Consider an electric utility pole. Not much happens to individual poles minute-to-minute that an asset manager cares about. But let’s say your engineers perform a vegetation survey on that pole once a year. That’s the data you want for next-generation capital planning for your budgeting and forecasting.
By building a business digital twin, you’re looking to consolidate data from those various important sources so you can answer questions like:
“When do I touch that asset?”, “How do I optimize maintenance intervals?” and “When am I going to have to replace it?”
Implementing business digital twins isn’t a complex data gathering or endless integration project either. You can seemlessly integrate your organizational expertise and different data sources into one platform in its native form without having to change it, stage it or put in into a custom repository, enabling you to keep costs down and to create real value from your data.
Asset management requires solid math, and Direxyon provides that in its business digital twin system, stochastic modeling, and real risk calculations. But that is all still just data. Asset managers still need to make decisions.
The way that we display decisions graphically is in a decision tree. You visualize your millions of assets. For example, you might have millions of poles, transformers, and thousands of substations.
What trade-offs do you need to make? When should you choose this way or that? If you suffer a catastrophic event, you want to adjust the underlying logic of your decisions. That is what a decision tree does for you. It is a set of logic that allows for rapid adjustments in decision modeling.

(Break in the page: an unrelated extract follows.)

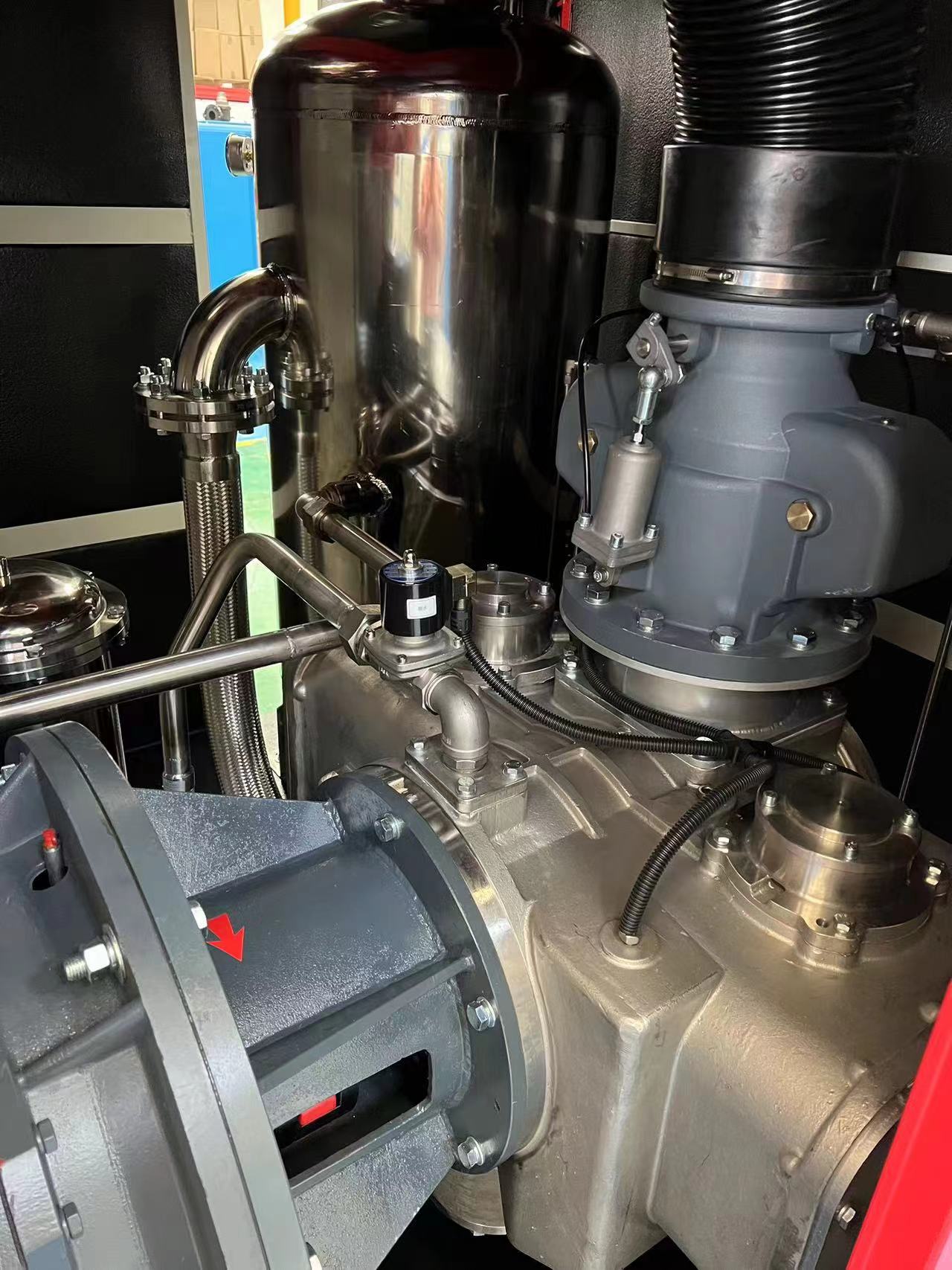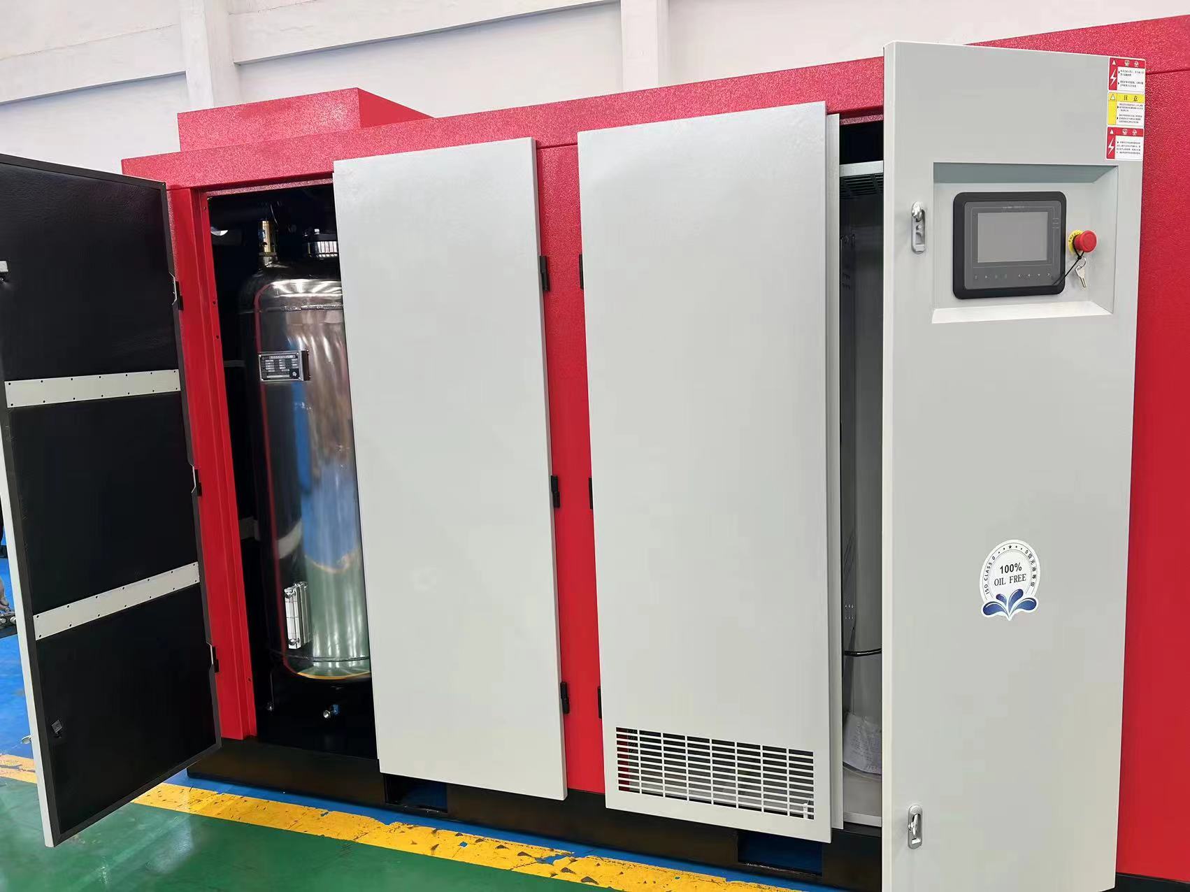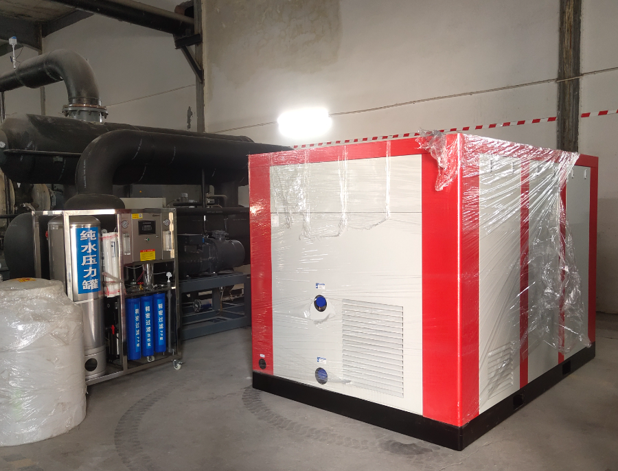 某紡織公司空壓機節能項目:因公司生產需要,增加一套200kw水潤滑永磁變頻螺桿式空壓機,增加了機房的空間環境,對機器的運行、散熱、維修維護的方便性都有很大的效率,提高節能效果。

So if you need to recalculate after an adverse event and your C-suite wants to know what unexpected inflation might do to your projections, instead of convening a series of meetings and working for months, you just drag and drop a few variables. Several hours later, you have a whole modeled decision tree that would have taken months before.
This is another way Direxyon helps you model real-world choices and consequences and find value. For example, real option valuation (ROV) helps you take complex forecasts and identify the opportunity cost of continuing with a given project on a certain track or shifting to take a different action.
No matter what you’re managing, a power grid, transit system, or municipal pipe network, your systems are complex. You can’t deal solely with averages and generalities. You need nuanced, specific scenarios. Stochastic modeling helps you understand realistic asset behavior, not just ideal projections.
For example, an electrical transformer next to a hospital has more value than a transformer next to your house. If your house goes out for a few hours, it is inconvenient. But if a hospital goes out for a few hours, you must repair it before its generator runs down.
That’s a real-world human concern. Stochastic modeling in Direxyon takes those factors into account.
Many existing asset management solutions include Monte Carlo simulation capabilities. But they are especially powerful when combined with stochastic modeling capabilities, like in Direxyon. As a result, you can easily model viable projections for decades in the future.
Direxyon helps you perform risk calculations based on the aggregation of all possible outcomes of each probable future paired with confidence intervals. It includes rigorous tools for risk identification, risk analysis, and risk mitigation. The focus is, again, on real-world outcomes.
These capabilities give you a clear picture of your choices over the long term and how they’ll help you meet your strategic goals. But in the here and now, your organization must make choices to keep the lights on—often literally. You might have a hundred projects going during any given month. You need to keep them structured and optimized in the right order with the right resources in the right location and time.